THE RECORDS Block Start

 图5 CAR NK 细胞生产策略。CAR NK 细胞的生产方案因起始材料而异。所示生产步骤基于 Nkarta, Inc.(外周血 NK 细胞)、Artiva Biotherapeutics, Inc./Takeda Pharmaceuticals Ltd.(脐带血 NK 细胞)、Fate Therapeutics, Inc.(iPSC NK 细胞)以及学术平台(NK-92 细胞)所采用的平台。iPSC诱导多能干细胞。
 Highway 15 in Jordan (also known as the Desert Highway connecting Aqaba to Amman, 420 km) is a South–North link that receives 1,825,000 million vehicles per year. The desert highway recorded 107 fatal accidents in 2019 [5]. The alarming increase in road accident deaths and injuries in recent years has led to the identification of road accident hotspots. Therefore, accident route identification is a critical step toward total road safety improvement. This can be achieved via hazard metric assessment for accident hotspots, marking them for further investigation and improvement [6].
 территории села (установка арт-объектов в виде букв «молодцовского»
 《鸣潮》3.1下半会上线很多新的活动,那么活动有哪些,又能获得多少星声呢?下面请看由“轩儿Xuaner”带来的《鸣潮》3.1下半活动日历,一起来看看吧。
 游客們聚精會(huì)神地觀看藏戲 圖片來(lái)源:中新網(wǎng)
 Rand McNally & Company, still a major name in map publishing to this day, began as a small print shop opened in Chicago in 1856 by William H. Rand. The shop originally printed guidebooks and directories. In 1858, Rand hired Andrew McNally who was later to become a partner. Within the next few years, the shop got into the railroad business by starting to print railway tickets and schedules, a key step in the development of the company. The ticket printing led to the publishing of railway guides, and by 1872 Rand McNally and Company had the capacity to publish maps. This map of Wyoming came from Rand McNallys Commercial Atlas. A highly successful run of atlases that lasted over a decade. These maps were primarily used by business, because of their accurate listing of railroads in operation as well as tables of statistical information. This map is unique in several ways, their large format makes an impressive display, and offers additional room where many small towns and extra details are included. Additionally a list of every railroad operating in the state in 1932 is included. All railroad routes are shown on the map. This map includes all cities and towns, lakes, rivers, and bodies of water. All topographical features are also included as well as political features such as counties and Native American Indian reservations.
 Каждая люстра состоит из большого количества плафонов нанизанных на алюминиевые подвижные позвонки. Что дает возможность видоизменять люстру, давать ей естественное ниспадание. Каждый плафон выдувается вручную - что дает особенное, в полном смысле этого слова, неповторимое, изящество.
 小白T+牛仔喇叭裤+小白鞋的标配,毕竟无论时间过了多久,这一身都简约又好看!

THE RECORDS Block End

REQUIRED ACTION:
An exact copy of every line above is needed.

ANSWER SPACE:
 图5 CAR NK 细胞生产策略。CAR NK 细胞的生产方案因起始材料而异。所示生产步骤基于 Nkarta, Inc.(外周血 NK 细胞)、Artiva Biotherapeutics, Inc./Takeda Pharmaceuticals Ltd.(脐带血 NK 细胞)、Fate Therapeutics, Inc.(iPSC NK 细胞)以及学术平台(NK-92 细胞)所采用的平台。iPSC诱导多能干细胞。
 Highway 15 in Jordan (also known as the Desert Highway connecting Aqaba to Amman, 420 km) is a South–North link that receives 1,825,000 million vehicles per year. The desert highway recorded 107 fatal accidents in 2019 [5]. The alarming increase in road accident deaths and injuries in recent years has led to the identification of road accident hotspots. Therefore, accident route identification is a critical step toward total road safety improvement. This can be achieved via hazard metric assessment for accident hotspots, marking them for further investigation and improvement [6].
 территории села (установка арт-объектов в виде букв «молодцовского»
 《鸣潮》3.1下半会上线很多新的活动,那么活动有哪些,又能获得多少星声呢?下面请看由“轩儿Xuaner”带来的《鸣潮》3.1下半活动日历,一起来看看吧。
 游客們聚精會(huì)神地觀看藏戲 圖片來(lái)源:中新網(wǎng)
 Rand McNally & Company, still a major name in map publishing to this day, began as a small print shop opened in Chicago in 1856 by William H. Rand. The shop originally printed guidebooks and directories. In 1858, Rand hired Andrew McNally who was later to become a partner. Within the next few years, the shop got into the railroad business by starting to print railway tickets and schedules, a key step in the development of the company. The ticket printing led to the publishing of railway guides, and by 1872 Rand McNally and Company had the capacity to publish maps. This map of Wyoming came from Rand McNallys Commercial Atlas. A highly successful run of atlases that lasted over a decade. These maps were primarily used by business, because of their accurate listing of railroads in operation as well as tables of statistical information. This map is unique in several ways, their large format makes an impressive display, and offers additional room where many small towns and extra details are included. Additionally a list of every railroad operating in the state in 1932 is included. All railroad routes are shown on the map. This map includes all cities and towns, lakes, rivers, and bodies of water. All topographical features are also included as well as political features such as counties and Native American Indian reservations.
 Каждая люстра состоит из большого количества плафонов нанизанных на алюминиевые подвижные позвонки. Что дает возможность видоизменять люстру, давать ей естественное ниспадание. Каждый плафон выдувается вручную - что дает особенное, в полном смысле этого слова, неповторимое, изящество.
 小白T+牛仔喇叭裤+小白鞋的标配,毕竟无论时间过了多久,这一身都简约又好看!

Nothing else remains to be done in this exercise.